- _Record extracts_:
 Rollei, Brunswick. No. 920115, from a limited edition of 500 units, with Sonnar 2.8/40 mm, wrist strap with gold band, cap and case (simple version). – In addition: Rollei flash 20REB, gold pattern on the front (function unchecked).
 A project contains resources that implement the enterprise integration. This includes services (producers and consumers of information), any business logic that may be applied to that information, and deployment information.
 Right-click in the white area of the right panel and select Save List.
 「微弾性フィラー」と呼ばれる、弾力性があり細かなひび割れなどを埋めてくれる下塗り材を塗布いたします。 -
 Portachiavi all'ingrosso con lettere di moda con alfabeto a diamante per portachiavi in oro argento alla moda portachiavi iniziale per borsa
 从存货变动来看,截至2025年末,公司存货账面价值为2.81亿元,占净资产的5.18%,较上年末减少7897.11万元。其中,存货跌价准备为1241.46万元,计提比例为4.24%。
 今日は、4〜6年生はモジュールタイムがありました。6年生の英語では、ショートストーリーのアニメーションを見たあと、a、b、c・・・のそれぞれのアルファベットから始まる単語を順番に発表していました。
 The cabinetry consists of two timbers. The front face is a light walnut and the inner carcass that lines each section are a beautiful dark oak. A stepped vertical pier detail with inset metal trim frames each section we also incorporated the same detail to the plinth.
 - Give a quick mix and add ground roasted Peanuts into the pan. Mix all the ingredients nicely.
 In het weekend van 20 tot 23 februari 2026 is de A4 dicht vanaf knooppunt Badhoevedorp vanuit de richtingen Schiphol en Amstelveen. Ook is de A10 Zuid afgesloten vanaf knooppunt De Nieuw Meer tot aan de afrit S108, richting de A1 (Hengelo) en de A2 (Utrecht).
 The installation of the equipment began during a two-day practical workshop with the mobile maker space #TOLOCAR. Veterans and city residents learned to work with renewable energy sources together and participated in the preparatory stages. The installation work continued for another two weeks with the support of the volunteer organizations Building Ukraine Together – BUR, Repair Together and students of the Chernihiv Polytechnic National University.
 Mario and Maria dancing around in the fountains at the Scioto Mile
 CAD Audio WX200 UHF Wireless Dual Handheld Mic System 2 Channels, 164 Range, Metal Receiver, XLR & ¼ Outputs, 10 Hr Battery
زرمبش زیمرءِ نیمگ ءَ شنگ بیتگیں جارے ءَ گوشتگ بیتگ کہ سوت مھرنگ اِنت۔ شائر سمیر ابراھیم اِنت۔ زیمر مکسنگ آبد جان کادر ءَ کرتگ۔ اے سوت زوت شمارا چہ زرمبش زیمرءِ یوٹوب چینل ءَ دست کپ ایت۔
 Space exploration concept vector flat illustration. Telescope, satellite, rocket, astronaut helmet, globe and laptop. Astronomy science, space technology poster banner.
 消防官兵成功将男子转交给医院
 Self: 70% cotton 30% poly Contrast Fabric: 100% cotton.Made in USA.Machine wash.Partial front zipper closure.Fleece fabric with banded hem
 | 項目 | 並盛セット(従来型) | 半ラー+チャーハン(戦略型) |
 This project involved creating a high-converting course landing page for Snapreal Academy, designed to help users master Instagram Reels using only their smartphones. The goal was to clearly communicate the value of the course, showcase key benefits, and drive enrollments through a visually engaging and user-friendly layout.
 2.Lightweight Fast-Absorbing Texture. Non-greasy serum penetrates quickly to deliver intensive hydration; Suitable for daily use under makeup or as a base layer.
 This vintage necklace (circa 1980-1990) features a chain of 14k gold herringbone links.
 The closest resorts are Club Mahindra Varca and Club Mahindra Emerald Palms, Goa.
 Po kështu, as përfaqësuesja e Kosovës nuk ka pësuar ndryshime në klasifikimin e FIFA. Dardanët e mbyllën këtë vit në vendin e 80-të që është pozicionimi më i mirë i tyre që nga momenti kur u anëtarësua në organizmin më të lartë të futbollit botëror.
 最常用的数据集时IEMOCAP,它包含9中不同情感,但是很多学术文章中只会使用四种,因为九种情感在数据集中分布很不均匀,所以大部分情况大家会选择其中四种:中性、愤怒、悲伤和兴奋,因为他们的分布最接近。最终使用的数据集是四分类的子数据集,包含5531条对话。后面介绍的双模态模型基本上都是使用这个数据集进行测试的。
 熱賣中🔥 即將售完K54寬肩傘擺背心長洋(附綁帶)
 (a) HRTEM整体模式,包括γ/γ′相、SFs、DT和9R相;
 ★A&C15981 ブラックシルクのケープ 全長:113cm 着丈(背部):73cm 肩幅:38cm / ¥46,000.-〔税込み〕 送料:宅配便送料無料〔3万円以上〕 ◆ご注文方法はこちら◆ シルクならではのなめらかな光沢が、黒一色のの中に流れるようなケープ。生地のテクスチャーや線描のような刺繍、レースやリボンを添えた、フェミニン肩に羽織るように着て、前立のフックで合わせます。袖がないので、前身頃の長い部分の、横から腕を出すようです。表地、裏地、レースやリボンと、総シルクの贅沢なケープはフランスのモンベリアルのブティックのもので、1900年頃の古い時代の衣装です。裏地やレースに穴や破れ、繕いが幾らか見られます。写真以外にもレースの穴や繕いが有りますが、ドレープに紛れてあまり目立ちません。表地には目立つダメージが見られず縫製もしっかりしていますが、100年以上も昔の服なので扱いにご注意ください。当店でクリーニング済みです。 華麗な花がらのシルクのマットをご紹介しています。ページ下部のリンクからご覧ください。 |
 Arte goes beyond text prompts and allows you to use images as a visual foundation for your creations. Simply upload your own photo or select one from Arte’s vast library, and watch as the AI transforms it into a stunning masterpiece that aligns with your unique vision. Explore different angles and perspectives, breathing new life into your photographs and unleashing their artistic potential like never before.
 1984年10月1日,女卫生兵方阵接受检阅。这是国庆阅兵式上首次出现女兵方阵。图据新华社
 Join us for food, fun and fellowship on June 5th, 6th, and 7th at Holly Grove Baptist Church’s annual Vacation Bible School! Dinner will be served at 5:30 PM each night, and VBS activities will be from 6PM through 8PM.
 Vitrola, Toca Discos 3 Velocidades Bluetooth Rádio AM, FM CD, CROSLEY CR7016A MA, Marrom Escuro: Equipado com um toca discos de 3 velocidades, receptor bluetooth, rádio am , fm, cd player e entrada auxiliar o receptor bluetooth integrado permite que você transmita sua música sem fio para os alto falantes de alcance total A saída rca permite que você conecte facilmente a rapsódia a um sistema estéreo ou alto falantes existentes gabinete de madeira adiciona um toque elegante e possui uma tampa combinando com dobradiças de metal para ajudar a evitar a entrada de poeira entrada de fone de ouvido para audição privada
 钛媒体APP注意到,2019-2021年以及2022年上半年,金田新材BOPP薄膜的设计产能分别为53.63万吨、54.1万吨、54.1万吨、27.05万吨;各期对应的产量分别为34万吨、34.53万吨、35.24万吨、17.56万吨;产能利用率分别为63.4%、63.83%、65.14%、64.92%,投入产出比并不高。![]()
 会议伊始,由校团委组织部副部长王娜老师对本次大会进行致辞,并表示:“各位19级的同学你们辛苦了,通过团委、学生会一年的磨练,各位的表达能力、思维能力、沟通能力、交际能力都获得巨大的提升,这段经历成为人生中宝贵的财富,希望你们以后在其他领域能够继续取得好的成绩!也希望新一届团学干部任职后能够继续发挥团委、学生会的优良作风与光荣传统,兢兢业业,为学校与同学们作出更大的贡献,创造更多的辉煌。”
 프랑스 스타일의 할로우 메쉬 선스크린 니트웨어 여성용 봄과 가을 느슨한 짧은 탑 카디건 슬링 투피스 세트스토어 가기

- _About this task_: The reply should consist solely of the lines above from the one that has "This vintage necklace" through the one that has "(a) HRTEM整体模式,包括γ/γ′相、SFs、DT和9R相;", reproduced exactly.

- _Solution to this task_:
 This vintage necklace (circa 1980-1990) features a chain of 14k gold herringbone links.
 The closest resorts are Club Mahindra Varca and Club Mahindra Emerald Palms, Goa.
 Po kështu, as përfaqësuesja e Kosovës nuk ka pësuar ndryshime në klasifikimin e FIFA. Dardanët e mbyllën këtë vit në vendin e 80-të që është pozicionimi më i mirë i tyre që nga momenti kur u anëtarësua në organizmin më të lartë të futbollit botëror.
 最常用的数据集时IEMOCAP,它包含9中不同情感,但是很多学术文章中只会使用四种,因为九种情感在数据集中分布很不均匀,所以大部分情况大家会选择其中四种:中性、愤怒、悲伤和兴奋,因为他们的分布最接近。最终使用的数据集是四分类的子数据集,包含5531条对话。后面介绍的双模态模型基本上都是使用这个数据集进行测试的。
 熱賣中🔥 即將售完K54寬肩傘擺背心長洋(附綁帶)
 (a) HRTEM整体模式,包括γ/γ′相、SFs、DT和9R相;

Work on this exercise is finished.